The problem is worse than I thought.

MSIL, and .NET in general, defines a specific object model. This object model is explicitly part of MSIL semantics. LLVM is at a lower level; it does not have an object model. To do a virtual call, LLVM instructions must be generated to load a function pointer from a vtable and dereference it. But MSIL is at a higher level, where one simply uses the callvirt instruction to do a virtual call and no vtable is supplied or even present. There's no obvious way to reconstruct the higher level object semantics from LLVM IR, and sure enough the new MSIL back end never generates a callvirt instruction. In other words, it is incapable of using the .NET framework library or anything else relying on virtual method calls.

What am I missing?

Hello, Jeff.

and dereference it. But MSIL is at a higher level, where one simply
uses the callvirt instruction to do a virtual call and no vtable is
supplied or even present.

You're right. Consider we will have some FE for MSIL, which will just
generate LLVM's "call" instruction with some predefined CC, which will
mean "this is virtual call". Backend can emit normal callvirt
instruction in this case. I hope, many high-level things can be avoided
using such tricks.

There's no obvious way to reconstruct the higher level object semantics
from LLVM IR, and sure enough the new MSIL back end never generates a
callvirt instruction. In other words, it is incapable of using the
.NET framework library or anything else relying on virtual method calls.

Well, I can be wrong. But if we will (possible) have some FE, which will
try to save such semantics using LLVM methods?

Unlike Java, MSIL support 'unsafe' operations, which include fully general pointer arithmetic, casting, etc. In this mode, you don't need to use its support for object models at all,

-Chris

Chris Lattner wrote:

Anton Korobeynikov wrote:

Hello, Jeff.

  
I'm confused.  A MSIL front end I can understand, but a back end?  How 
will it be used?  The GCC-based front ends that come with LLVM generate 
bytecodes that have dependencies on the GCC runtime, which is not going 
to be present in a .NET environment.
    
Well. It's LLVM-to-MSIL translator. So, if the source use some
unsupported code... The same situation was for ages with llvm-gcc and
CBackend, if system compiler is gcc 3.4.x. Generated C code contains gcc
4.x-specific builtins. I don't see anything wrong about this. LLVM
wasn't designed as completely portable.
  

There is no existing front end that can support MSIL. Do you plan on writing one? And do you plan on it not supporting the other back ends?
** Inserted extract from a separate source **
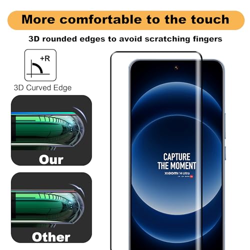 zZjoOoj - شاشة حماية ثلاثية الأبعاد من الزجاج المقوى لموبايل شاومي 14 الترا زد جوج عبوة 3 قطع عالية الدقة HD مع واقي بدرجة صلابة 9 شفاف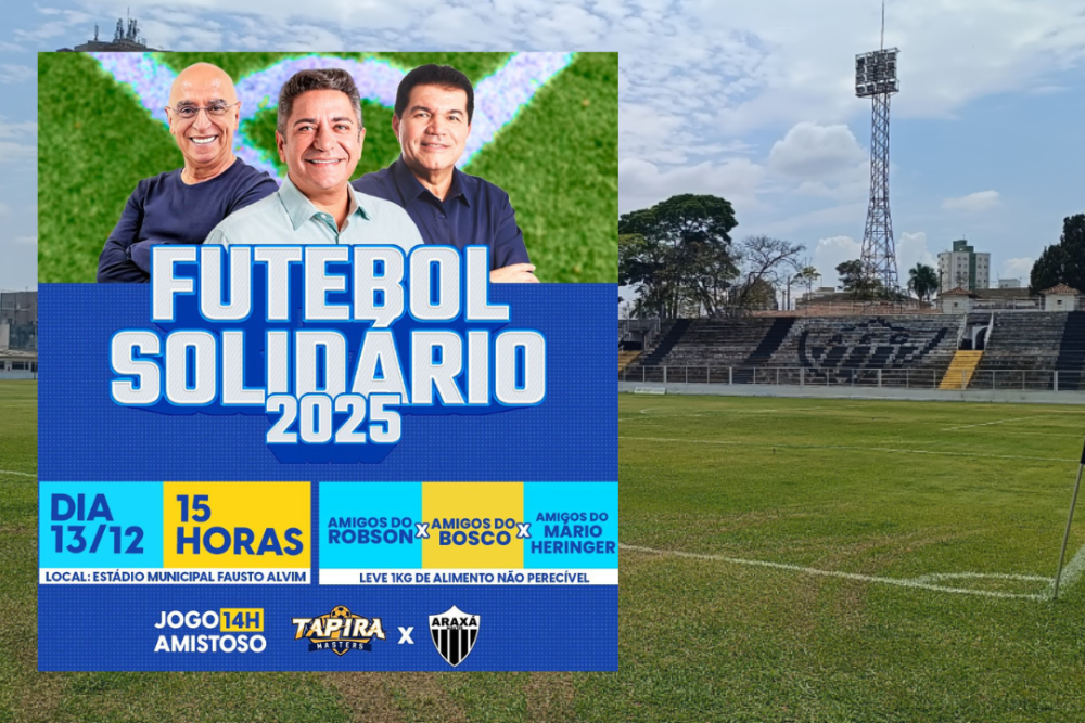 A programação começa a partir das 13h, com música ambiente e movimentação no estádio. Às 14h, será realizado o amistoso entre Tapira Master e Araxá Esporte Master. Já às 15h, ocorre o jogo principal do Futebol Solidário, reunindo os amigos do prefeito Robson Magela, os amigos do deputado estadual Bosco e os amigos do deputado federal Mário Heringer.

Some people have the official Microsoft files :)
    
We cannot use them :)

  
As it's apparent the developer does not have Visual Studio, how do you 
assemble and run the MSIL code?  Do you use the utilities present in the 
.NET framework at all?
    
Yes. Just MSIL "assembler". There will be some documentation "How to use
MSIL backend" in the nearest future.

  
That you would need to rely on Mingw32 implies you do not.
    
There won't be any files from external sources. Just clean instructions
"how to get and use them". I think some amount of .def files won't hurt
anyone.
  

I still don’t get what this is for. You shouldn’t need any win32 def files. It is extremely unusual for a program running in the .NET environment to need direct access to the win32 API. Most of the win32 API has been wrapped in .NET framework classes (though without callvirt you can’t use them).

Anton Korobeynikov wrote:

Hello, Jeff.

  
and dereference it.  But MSIL is at a higher level, where one simply 
uses the callvirt instruction to do a virtual call and no vtable is 
supplied or even present.
    
You're right. Consider we will have some FE for MSIL, which will just
generate LLVM's "call" instruction with some predefined CC, which will
mean "this is virtual call". Backend can emit normal callvirt
instruction in this case. I hope, many high-level things can be avoided
using such tricks.
  

This trick is too clever for your own good. It will wreck LLVM’s inter-procedural analysis, because it won’t know the call is virtual. LLVM may make an invalid optimization due to the faulty analysis (like inlining the target). Trying to pass through MSIL object semantics in this fashion isn’t likely to work for this and similar reasons.